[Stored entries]
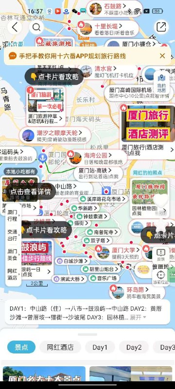 十六番是旅游好搭子,通过游记、问答等提供旅行解决方案。其懒人地图功能强大,能标记景点、美食等,还提供推荐路线
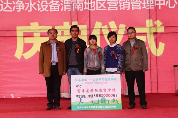 2015年伊始,榮事達(dá)水工業(yè)公司與安徽省青年志愿者協(xié)會(huì)共同發(fā)起了“樂(lè)享凈水——讓快樂(lè)與生命同在”助殘公益項(xiàng)目,活動(dòng)一經(jīng)發(fā)起就受到了各地代理商的積極響應(yīng),截止目前,累計(jì)向康復(fù)中心、特殊學(xué)校、助殘機(jī)構(gòu)等350多個(gè)單位捐贈(zèng)凈水設(shè)備2000多套,受惠人口超過(guò)50000人。除此之外,代理商們還主動(dòng)為社會(huì)其他人群提供幫助,遼寧遼陽(yáng)代理商就為當(dāng)?shù)丨h(huán)衛(wèi)工人設(shè)置榮事達(dá)飲水站,解決其工作期間的飲水問(wèn)題;江蘇大豐舉行了“關(guān)愛(ài)生命,凈享水源”百村助民活動(dòng),當(dāng)?shù)卮砩桃罁?jù)實(shí)際情況為各村鎮(zhèn)服務(wù)機(jī)構(gòu)安裝凈水機(jī),方便村民接水飲用。
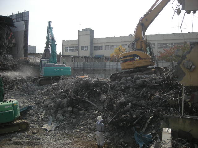 今年の廃材は、なんといっても「校舎」!!校舎のかけらが画材です。写真のようなコンクリートの塊や、壁材、水道の蛇口など、生徒にとっては、とても興味深いようです。美術部員が、それらの一見単なるごみをどう料理するか楽しみです。
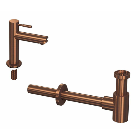 De INK 1B Fonteinkraanset onderscheidt zich door zijn stijlvolle uitstraling. Het mat roségouden afwerking geeft een luxe en trendy touch aan je badkamer. De fonteinkraan en design sifon zijn ontworpen met oog voor detail, waardoor elk element bijdraagt aan de elegante esthetiek van het geheel. Deze set is ideaal voor wie op zoek is naar een verfijnde en eigentijdse toevoeging aan hun badkamerinterieur.
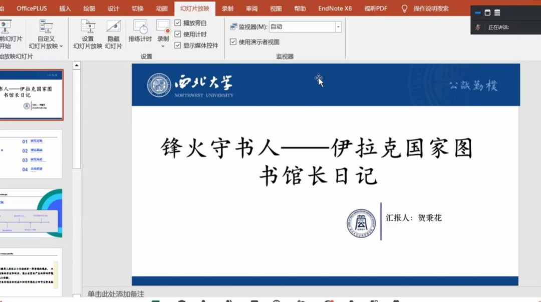 韦东增博士对其汇报做出点评,他首先肯定了贺秉花同学汇报的逻辑性,指出她从文化和历史的角度对战火纷争国家图书馆发展建设现实,让人感受到其发展的不易。其次,韦东增博士讲述了自己对这本书的看法,他指出萨德这本书以日记式的形式展开,非常引人入胜,远比任何新闻报道更具现场感和说服力,作者非记者,而是正在上演的现实悲剧的剧中人。唯有这本日记让人感受迫在眉睫的危险和恐惧,这种源自于现实的真实给人的感受式震撼的。同时,韦东增博士提出,我们应该珍惜祖国今天的和平,并为守护祖国的和平繁荣贡献自己的一份力量。

- _What is expected_
Please repeat, with no pictures, each line from the start of the records above through the line with "2015年伊始,榮事達(dá", inclusive, and only those.

- _Response_
 十六番是旅游好搭子,通过游记、问答等提供旅行解决方案。其懒人地图功能强大,能标记景点、美食等,还提供推荐路线
 2015年伊始,榮事達(dá)水工業(yè)公司與安徽省青年志愿者協(xié)會(huì)共同發(fā)起了“樂(lè)享凈水——讓快樂(lè)與生命同在”助殘公益項(xiàng)目,活動(dòng)一經(jīng)發(fā)起就受到了各地代理商的積極響應(yīng),截止目前,累計(jì)向康復(fù)中心、特殊學(xué)校、助殘機(jī)構(gòu)等350多個(gè)單位捐贈(zèng)凈水設(shè)備2000多套,受惠人口超過(guò)50000人。除此之外,代理商們還主動(dòng)為社會(huì)其他人群提供幫助,遼寧遼陽(yáng)代理商就為當(dāng)?shù)丨h(huán)衛(wèi)工人設(shè)置榮事達(dá)飲水站,解決其工作期間的飲水問(wèn)題;江蘇大豐舉行了“關(guān)愛(ài)生命,凈享水源”百村助民活動(dòng),當(dāng)?shù)卮砩桃罁?jù)實(shí)際情況為各村鎮(zhèn)服務(wù)機(jī)構(gòu)安裝凈水機(jī),方便村民接水飲用。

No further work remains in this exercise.